The archaeological excavations at Kınık Höyük began in 2011 as a 10-year joint project of the University of Pavia and the Institute for the Study of the Ancient World, New York University, with the additional participation and support of Niğde University and Erzurum University.
The site of Kınık Höyük is located in Southern Cappadocia, in the province of Niğde, at the foot of Melendiz Dağları. This region has played a strategic role in both local and cross-regional developments from Prehistory up to modern times due to its geographical position on the route connecting the Central Anatolian plateau to Cilicia through the Taurus passes and far beyond to Syria and Mesopotamia. Despite its importance, the province of Niğde has thus far received little attention from scholars, particularly with regards the Bronze and Iron Ages. With a view to bridging this gap, our team from the University of Pavia carried out an archaeological survey between 2006 and 2009 in the region. Investigations involved an area of around 800 km2 between the southern slopes of Melendiz Dağları and the northern fringes of the Bor-Ereğli plain, and enabled our team from the University of Pavia to record 37 archaeological sites dating from the Chalcolithic to the Middle Age. Among these sites, we recognized Kınık Höyük as the most important for the purposes of our research group as it was the largest of the sites with a significant ceramic surface collection dating to pre-Classical periods.
The citadel of the site is a ca. 20 m high mound, 180m in diameter, rising above a 300 m wide roughly square terrace. The abundance of ceramic sherds collected in the fields surrounding the mound and the terrace indicated the presence of a larger lower town which expanded the overall area of the settlement to 24 ha. The diagnostic ceramics collected during the intensive survey indicated that Kınık was occupied from the Early Bronze Age through the Medieval Period and the quantity and distribution of the ceramic sherds highlighted the major occupational phases of the site as corresponding to the Late Bronze Age (1650-1200 BCE) and the Middle Iron Age (900-700 BCE).
Interestingly, the Neo-Hittite monumental rock reliefs and steles discovered in the region date to this latter period. All of them are attributed to the rulers of Tuwana, a very important kingdom during the 8th century BCE which has been under-investigated by archaeologists. If the current dimensions of Kınık correspond to those of the 1st millennium BCE settlement, it must have been one of the most prominent centers of Tuwana. The expected Late Bronze Age levels, moreover, would correspond to the Hittite occupation of the site, when the settlement functioned as a center of regional importance.

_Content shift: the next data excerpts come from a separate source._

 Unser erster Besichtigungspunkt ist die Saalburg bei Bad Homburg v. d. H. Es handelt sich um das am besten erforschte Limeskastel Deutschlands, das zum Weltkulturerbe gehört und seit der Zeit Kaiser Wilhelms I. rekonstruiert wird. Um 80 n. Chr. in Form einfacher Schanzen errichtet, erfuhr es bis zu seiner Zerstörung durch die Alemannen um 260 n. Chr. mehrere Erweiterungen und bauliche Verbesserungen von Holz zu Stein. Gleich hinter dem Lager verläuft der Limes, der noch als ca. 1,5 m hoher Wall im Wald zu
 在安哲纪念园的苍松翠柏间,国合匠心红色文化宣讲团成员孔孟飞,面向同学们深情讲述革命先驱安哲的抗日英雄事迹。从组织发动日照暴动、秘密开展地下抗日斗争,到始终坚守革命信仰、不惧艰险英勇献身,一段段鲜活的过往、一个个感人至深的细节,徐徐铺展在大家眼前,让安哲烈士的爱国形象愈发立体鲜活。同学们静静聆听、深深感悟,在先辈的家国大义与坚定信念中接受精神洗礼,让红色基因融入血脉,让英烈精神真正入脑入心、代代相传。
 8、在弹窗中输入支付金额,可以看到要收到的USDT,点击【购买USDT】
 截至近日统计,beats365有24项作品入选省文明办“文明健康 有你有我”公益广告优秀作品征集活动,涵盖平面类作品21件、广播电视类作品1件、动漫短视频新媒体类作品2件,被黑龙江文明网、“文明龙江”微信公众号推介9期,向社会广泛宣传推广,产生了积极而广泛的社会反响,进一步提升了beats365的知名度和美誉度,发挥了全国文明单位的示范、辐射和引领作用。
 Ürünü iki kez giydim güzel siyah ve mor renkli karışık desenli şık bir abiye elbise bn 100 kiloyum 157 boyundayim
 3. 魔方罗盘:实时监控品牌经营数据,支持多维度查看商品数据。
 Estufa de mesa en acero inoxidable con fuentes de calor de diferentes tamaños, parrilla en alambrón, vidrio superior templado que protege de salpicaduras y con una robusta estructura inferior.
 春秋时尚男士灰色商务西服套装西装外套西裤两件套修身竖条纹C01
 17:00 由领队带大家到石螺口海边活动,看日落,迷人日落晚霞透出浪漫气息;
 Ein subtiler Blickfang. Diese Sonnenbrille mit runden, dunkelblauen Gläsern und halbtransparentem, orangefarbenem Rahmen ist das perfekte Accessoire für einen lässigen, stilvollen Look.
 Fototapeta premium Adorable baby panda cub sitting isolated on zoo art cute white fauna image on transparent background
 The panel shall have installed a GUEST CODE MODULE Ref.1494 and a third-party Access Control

In 2010, geomagnetic and Ground Penetrating Radar (GPR) surveys were performed at Kınık that produced very promising results. In fact, they delineated an elliptic stone structure completely encircling the slope of the mound, providing evidence for a monumental fortification wall. Moreover, other traces on the top of the mound accounted for the presence of buildings in this area.
The occupational evidence provided by the initial ground survey and the architectural features indicated by the geomagnetic and GPR surveys provided the foundations for the excavations commencing in 2011. Over the last 5 years the team has carried out investigations of the settlements within the citadel and lower town as well as an intensive exploration of the limits and construction techniques of the citadel walls. These excavations have greatly expanded our knowledge of the site from the Late Bronze Age through the Seljuk period, with the excavations of the Achaemenid and Hellenistic levels providing particularly rich data for this little explored region.
In addition to the excavation team’s stratigraphical and architectural analyses, the Kınık Höyük project has also carried out investigations of the human exploitation of the ancient landscape through paleobotanical and zooarchaeological studies and has expanded its research agenda to include reconstructing the surrounding environmental landscape. Through such studies, the project aims to deeply explore the interactions between humans and the environment diachronically and to place Southern Cappadocia back into the larger prehistorical and historical studies of Central Anatolia.